Hopper Gibson (Johnny Simmons), just out of high school, can serve up a 98-mile-an-hour fastball, but he’s a mess. After his wild-pitch debacle, he’s sent down to the minors, but the team that drafted him wants to make good on its investment. And so they call in Dr Mobley (Paul Giamatti), a sports therapist so celebrated that he was once on the cover of Time magazine. The movie opens on an early session between Hopper and Mobley, a mensch in a cardigan sweater who talks a good game. He knows just how to slip in a flattering comparison between Hopper and Sandy Koufax, and he does his best to explore why the kid, instead of concentrating on the mound, started to tune into the far-away voice of a soda-pop vendor. Hopper, though, isn’t really buying. He’s played by Johnny Simmons, whose big-eyed baby face belies that Hopper is a buttoned-up prodigy, a slightly blank creature of his era who doesn’t trust the inner life.

The movie flashes back to Hopper’s senior year, when he’s the number-one-ranked pitching prospect in the nation. His problems don’t seem all that extreme (a teacher who nags him about taking his studies seriously, a girlfriend who doesn’t think baseball is all that), but then daddy shows up. He’s a drug dealer fresh out of prison, with no apparent plans to alter his career choice, and he’s played by Ethan Hawke in a ’70s-greaser flattop and the usual spray of tattoos, one of which might as well read, “I, and I alone, am the explanation for all of this boy’s conflicts and difficulties.” Hawke, who has been trying to work more and more on the high wire (he gave a brilliant and very un-Hawke-ish performance as Chet Baker in “Born to Be Blue”), is too good an actor to make Hopper Sr a less than authentic presence.

He gives him the aggressively off-kilter, defensive rhythms of a macho loser criminal who is sealed inside his bubble of dickwad anger. But his attitude toward his son is so openly abusive — he calls him a wuss and tears his pitching to shreds, all out of transparent jealousy — that when Hopper’s mother (Alison Elliott) arrives home and treats the marriage as if it were still a marriage, we think there’s a mistake in the script.

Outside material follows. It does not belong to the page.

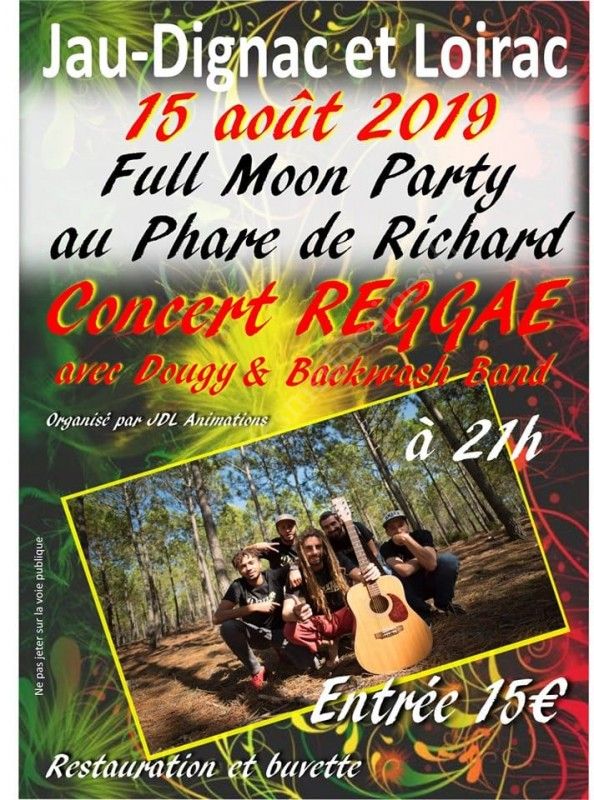 L'association JDL Animations organise un Concert Reggae avec Dougy et Backwash Band au phare de Richard le 15 août à 21h00.

Hawke’s dangerous lout of a father and husband is a plot device more than he is a character.

It’s not necessary, of course, for “The Phenom” to be an all-out sports drama, but writer-director Noah Buschel sets up the rare opportunity to explore what makes a jock tick, then doesn’t follow through. You never truly feel as if you’re inside the head and heart of a baseball player. Instead, the overwhelming quality of Hopper’s daddy issues just makes him a Guy Who Doesn’t Believe In Himself, and will he get over it, and if so, how? There’s one odd but definitely of-its-moment scene in which Hopper, after having Googled his famous shrink, righteously pelts him with all the unadmirable things he’s learned about him, like the fact that one of his most famous clients committed suicide, which spurred the doc into an alcoholic descent. The scene comes off as the film’s way of saying, “Take that, psychiatric-industrial complex! You shrinks are human too!” They certainly are, but that’s still a shaky point on which to hang the emotional crux of your movie when the promise of therapy is more or less the only salvation that it has offered. If “The Phenom” were a pitch, it would be a change-up, one that doesn’t land anywhere near the strike zone.